Aim of the task → The response consists of the lines from the start of the material below through the line holding "仕事でNotionをよく使う", repeated word for word and without pictures.

Stored data →
+ + + + +

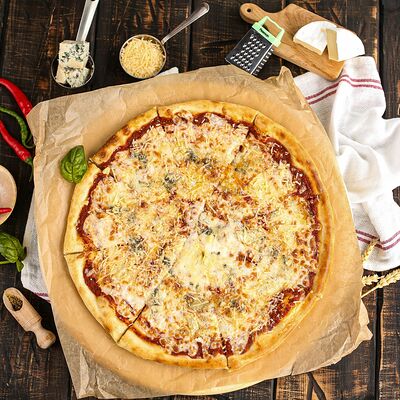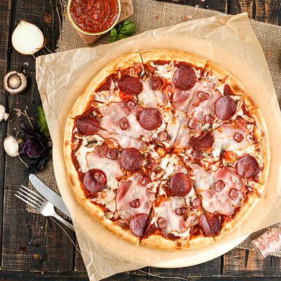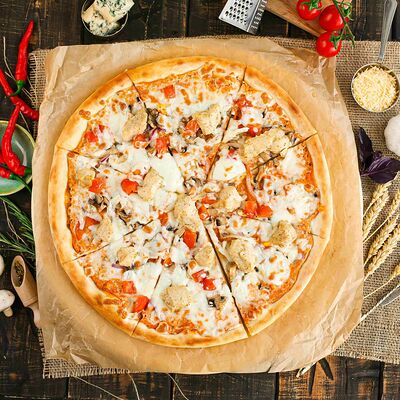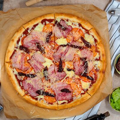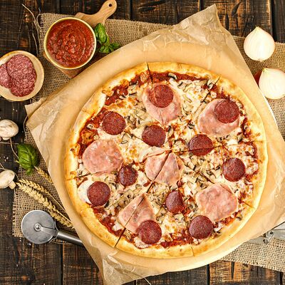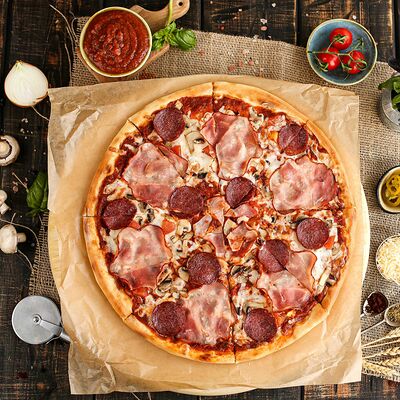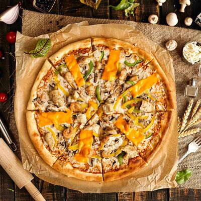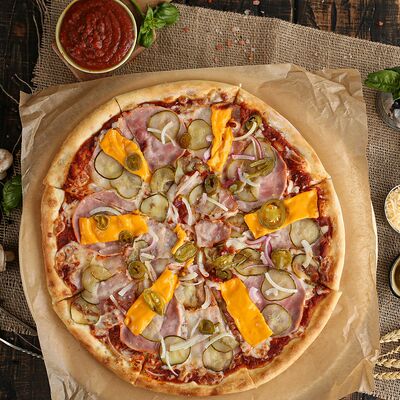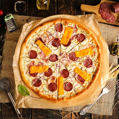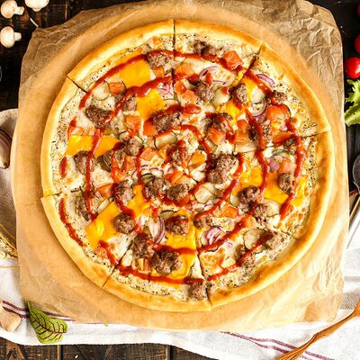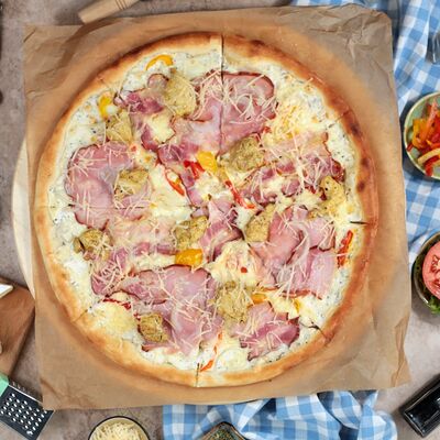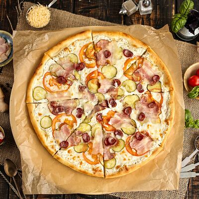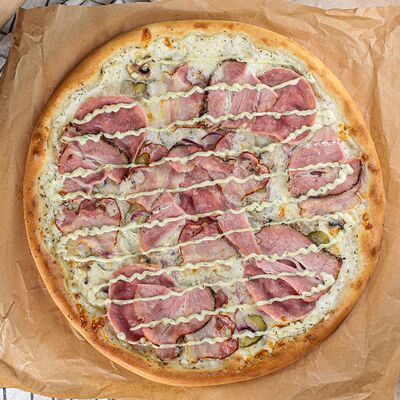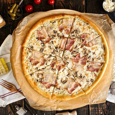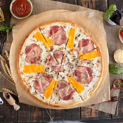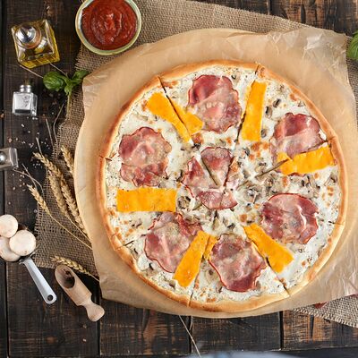 Белый соус, моцарелла, шампиньоны, окорок, сыр Чеддер (33 см)
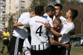 שחקני מחנה יהודה חוגגים את הניצחון שכנראה מבטיח את עלייתם (צילום: אדי חליאבין)
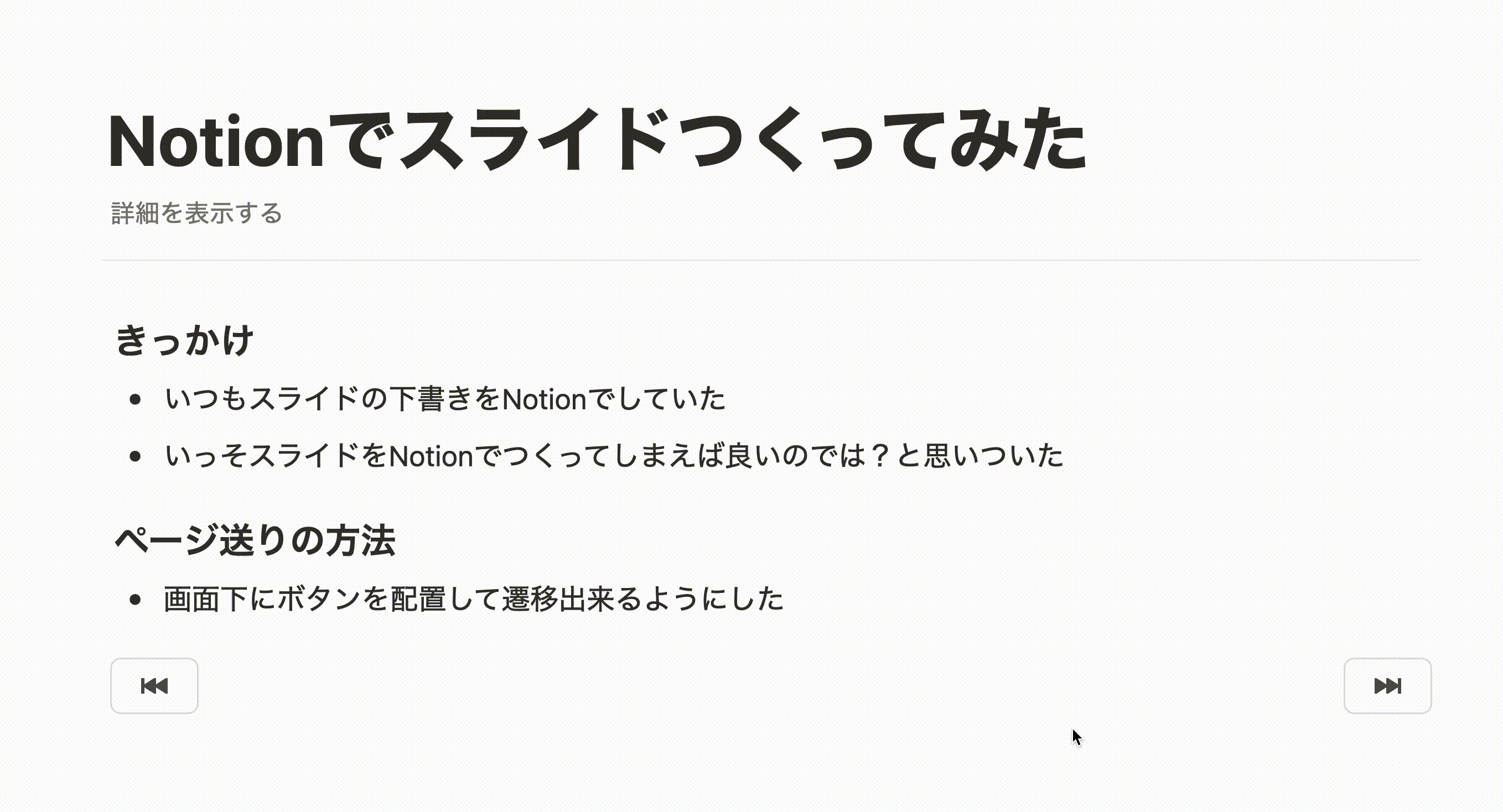 仕事でNotionをよく使うのですが、ふとNotionでスライドをつくれるのでは?と思ったのでつくってみました。思ったよりいい感じのものができたので、ご紹介します。
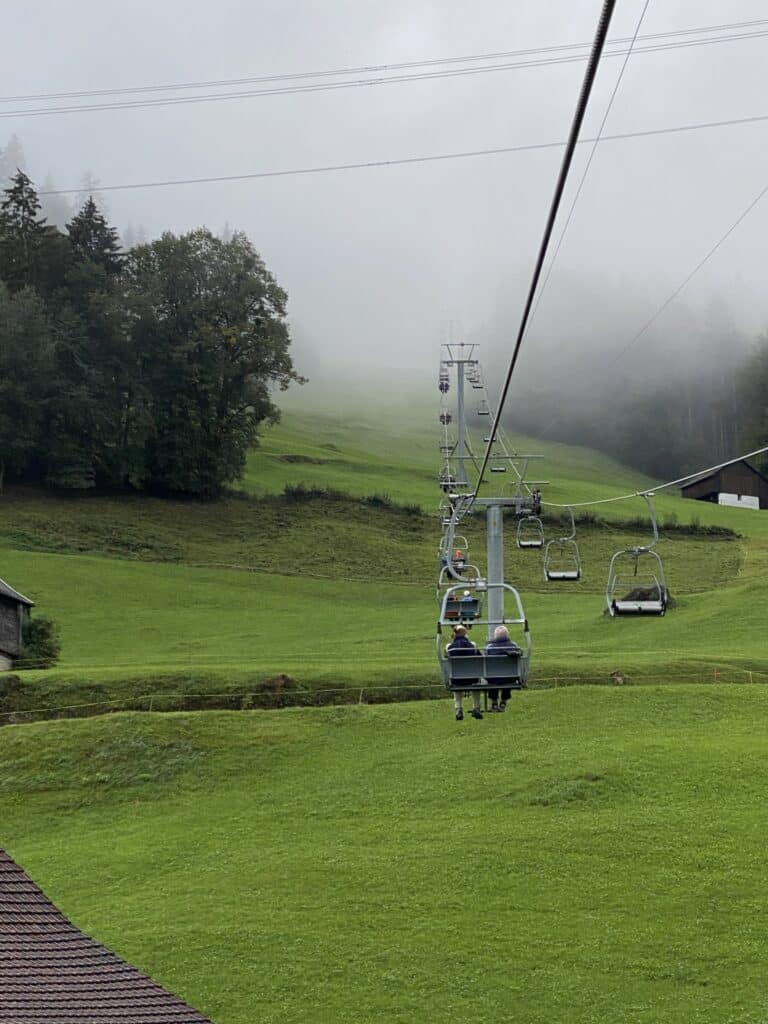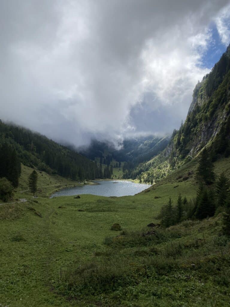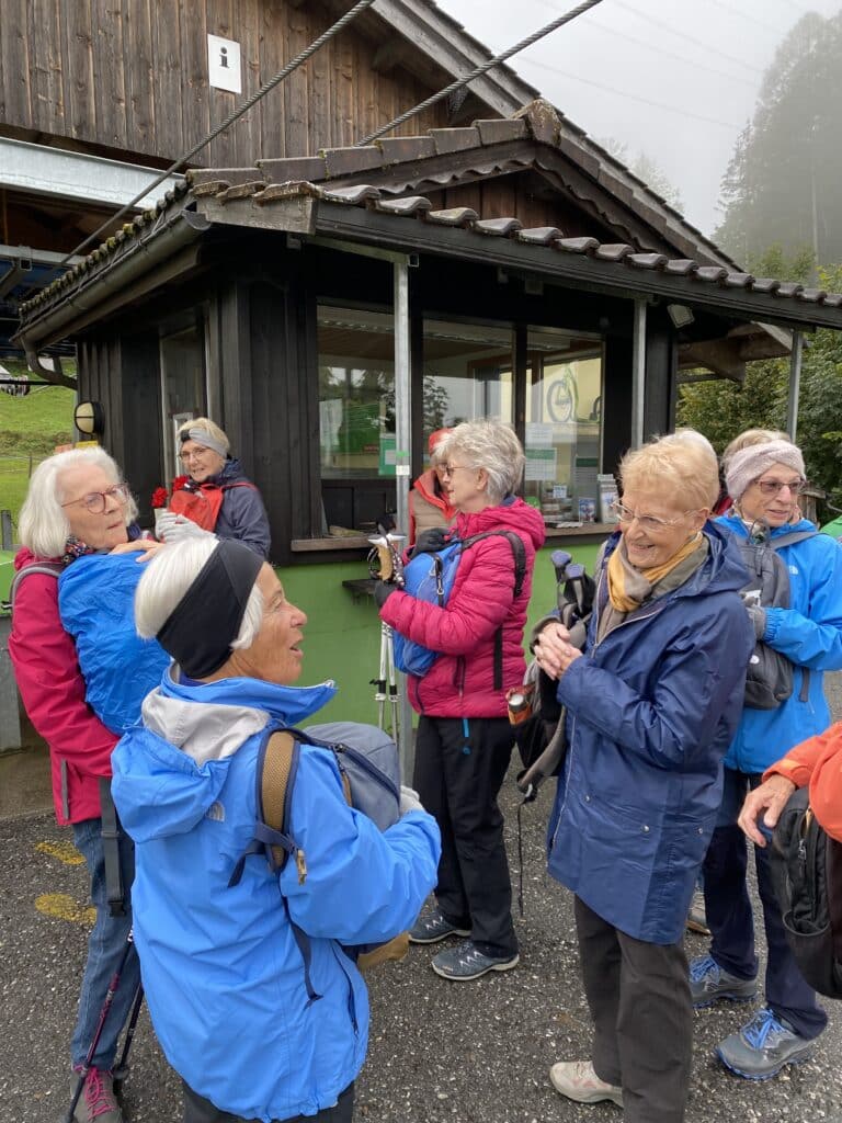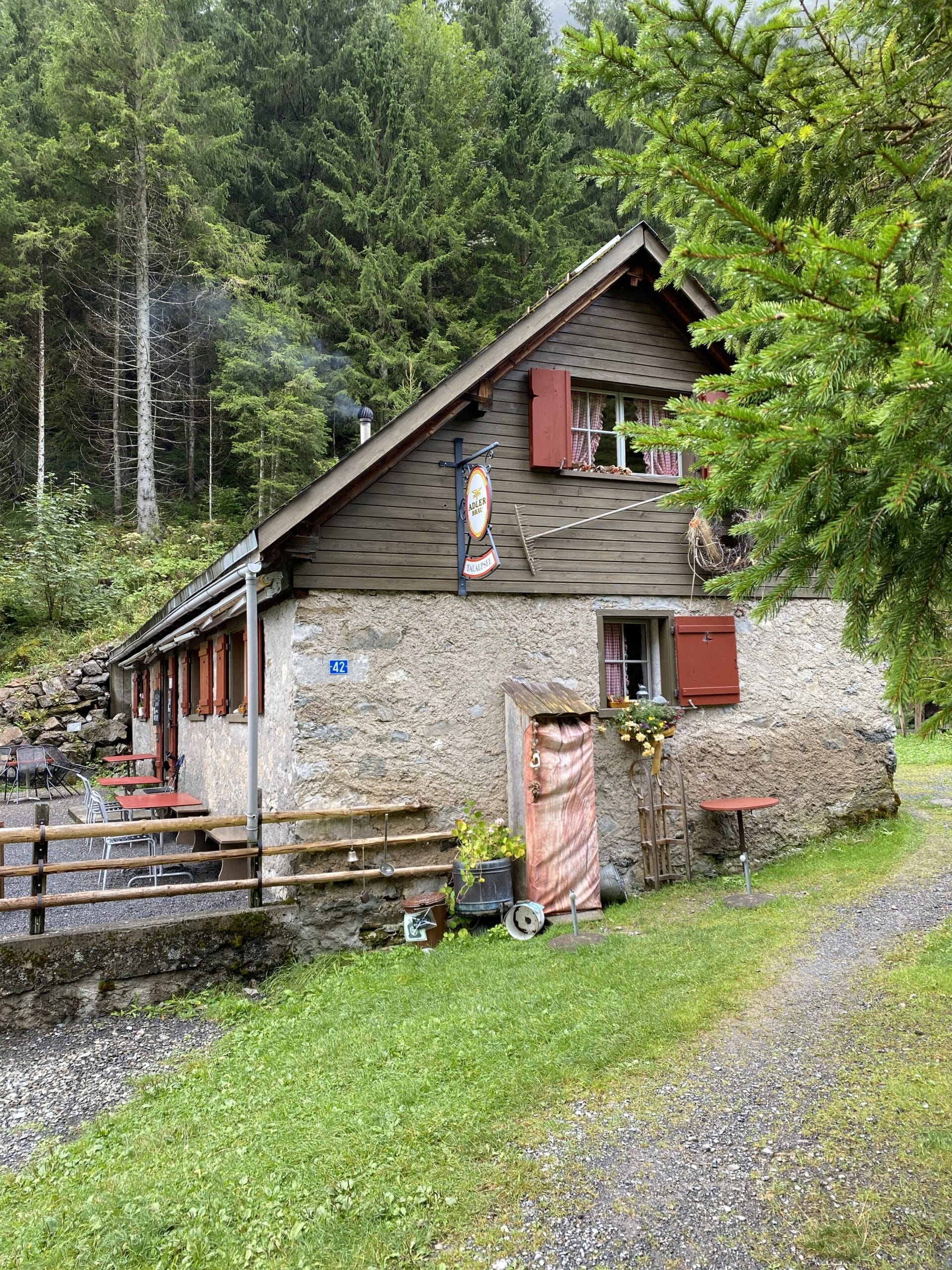 Bei grauem Wetter und ein paar letzten Regentropfen schwebten wir am nächsten Morgen mit der langsamsten Sesselbahn der Schweiz hinauf nach Habergschwänd. Ich fuhr (da meine Wanderfähigkeiten praktisch gleich Null sind) mit Carola und ihrem Auto zum Talalpsee hinauf. Welch eine «kleine Perle im Bergesrund» und daneben ein richtig nettes altes Gasthaus. Die Gruppe pfiff aufs Picknick. Nach einer kurzen Wanderung sassen alle um die Holztische und assen die einfachen, hübsch aufgetischten, Leckerbissen.

+ + + + +

Worked solution →
 Белый соус, моцарелла, шампиньоны, окорок, сыр Чеддер (33 см)
 שחקני מחנה יהודה חוגגים את הניצחון שכנראה מבטיח את עלייתם (צילום: אדי חליאבין)
 仕事でNotionをよく使うのですが、ふとNotionでスライドをつくれるのでは?と思ったのでつくってみました。思ったよりいい感じのものができたので、ご紹介します。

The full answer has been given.